Neither company holds unaccompanied children. Their family detention centers are for mothers and children, who are typically there for short periods.

“CoreCivic has partnered with the federal government to operate detention and residential facilities for more than 30 years, and we stand ready to understand and accommodate their changing needs,” CoreCivic spokesman Steven Owen said in a statement. “To that end, we will review the RFI and assess how best to respond to it. For obvious competitive reasons, we cannot elaborate beyond that.”

GEO spokesman Pablo Paez said the company wouldn’t comment on procurement.

In fiscal 2017, the Border Patrol apprehended about 350,000 people, down about 24 percent from the previous year, the Department of Homeland Security said. About 70 percent of immigrant detainees are held in facilities owned by private companies, according to the National Immigrant Justice Center.

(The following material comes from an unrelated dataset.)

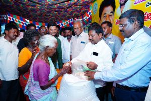 మొంథా తుఫాను బీభత్సం కారణంగా సర్వం కోల్పోయి, తీవ్రంగా ప్రభావితమైన ఓ బాధితుడికి ప్రకాశం జిల్లా, తర్లుపాడు మండల తహసీల్దార్ కేకే కిషోర్ కుమార్ మానవతా దృక్పథంతో చేయూతనిచ్చి ఆదుకున్నారు. తర్లుపాడు మండల కేంద్రంలోని పునరావాస కేంద్రంలో ఆశ్రయం పొందుతున్న బాధితుడికి ఆయన స్వయంగా నిత్యావసర సరుకులు పంపిణీ చేశారు.మానవత్వంతో స్పందించిన తహసీల్దార్ .. పునరావాస కేంద్రంలో ఆశ్రయం పొందుతున్న గుంటు యేసు అనే బాధితుడి పరిస్థితి తెలుసుకున్న తహసీల్దార్ కేకే కిషోర్ కుమార్, వెంటనే సహాయక చర్యలు చేపట్టారు. ఆయన స్వయంగా పునరావాస కేంద్రానికి వెళ్లి బాధితుడిని పరామర్శించి, అతనికి కావాల్సిన సరుకులు 25 కేజీల బియ్యం (రైస్) నిత్యావసర సరుకులు (పప్పులు, నూనె, ఉప్పు వంటివి)కూరగాయలుతహసీల్దార్ కె కె కిషోర్ కుమార్ అందజేశారు తహసీల్దార్ అందించిన ఈ చేయూత, తుఫాను కారణంగా నష్టపోయిన బాధితుడికి తక్షణ ఉపశమనాన్ని కలిగించింది. విపత్కర పరిస్థితుల్లో అధికారి చూపిన ఈ ఔదార్యం పట్ల స్థానికులు హర్షం వ్యక్తం చేస్తున్నారు ఈకార్యక్రమంలో లో రెవిన్యూ సిబ్బంది ఆర్ ఐ శ్రీ చరణ్, వి ఆర్ ఏ లు సిహెచ్ చెన్నయ్య, బి సుబ్బయ్య పాల్గొన్నారు

“If we have moral panic around certain issues, like drugs, or immigration, then we have more people getting locked up,” said Bob Libal, Grassroots executive director. “Apprehensions at the southern border are at 15-year lows, but the number of people being criminally prosecuted has spiked dramatically.”

The administration has argued it was forced to separate children from their parents in part because of a legal case from the Clinton administration era known as the Flores settlement, which prohibits immigrant children being held for more than 20 days, even with their parents.

Last week, the Justice Department filed a motion to allow children to be kept in detention with their families for more than 20 days.

CoreCivic gets more than 80 percent of its earnings from owning and operating prisons, jails and detention centers, Hininger said at the conference.